- Name: Vaibhav Vardhan
- University: Indian Institute of Technology (IIT) Kanpur
- e-Mail: hi@vsquareg.com | vbhv.vardhan@gmail.com
- Github: https://github.com/vsquareg
- LinkedIn: https://www.linkedin.com/in/vsquareg/
- Country: India
- Time Zome: Indian Standard Time (UTC+0530)
This project was aimed at investigating the performance of the possible alternatives for improving the data channel performance for duet, and further integrating those improvements into the PySyft stack.
This part of the work was to integrate Apache Arrow and its corresponding backend RPC-based network communication Apache Flight.

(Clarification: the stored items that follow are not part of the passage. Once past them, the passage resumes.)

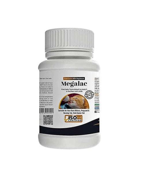 Megalac Kitten Milk Replacer is a premium substitute for mother’s milk, specially formulated for newborn and orphaned kittens. It provides essential proteins, vitamins, minerals, and easily digestible fats to support healthy growth and immunity. Ideal for weaning, underweight kittens, or as a nutritional supplement for nursing mothers.
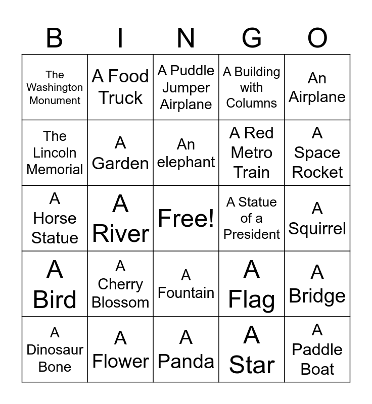 This bingo card has a free space and 25 words: A Cherry Blossom, A Panda, An elephant, A Dinosaur Bone, An Airplane, The Washington Monument, The Lincoln Memorial, A Food Truck, A Statue of a President, A Fountain, A Red Metro Train, A Horse Statue, A Flag, A Bridge, A Garden, A Museum with a Dome, A Squirrel, A Puddle Jumper Airplane, A Space Rocket, A River, A Paddle Boat, A Flower, A Bird, A Building with Columns and A Star.
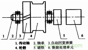 基于磁敏角度技術(shù)的拉線式位移傳感器的功能是將拉線的機械位移換成可以計量、記錄或傳送的電信號,主要由自動回復(fù)彈簧、輪轂、磁鐵以及數(shù)據(jù)處理單元等部分構(gòu)成,結(jié)構(gòu)如圖1所示。
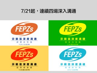 深 度 溝 通 總 體 政 策 篇 7 / 21 (一) 6:30 PM 示 範 區 深 度 溝 通 國 際 健 康 篇 7 / 24 (四) 6:30 PM 示 範 區 深 度 溝 通 農 業 加 值 篇 7 / 31 (四) 6:30 PM 示 範 區 深 度 溝 通 教 育 創 新 篇 8 / 4 (一) 6:30 PM

Currently, for all communication between the DS & DO, a WebRTC-backend is used with protobuf serialization-deserialization. Here, client classes were created which would establish a duel connection, a WebRTC connection which is used for all usual communication (messages, requests etc.) and a Flight RPC connection which is used for high-bandwidth requirement transfers of NumPy Arrays and PyTorch Tensors. This allows for an improvement in performance due to the zero-copy nature of Flight RPC.
Special care was taken to ensure that the use of Flight RPC within the code-base is also zero-copy.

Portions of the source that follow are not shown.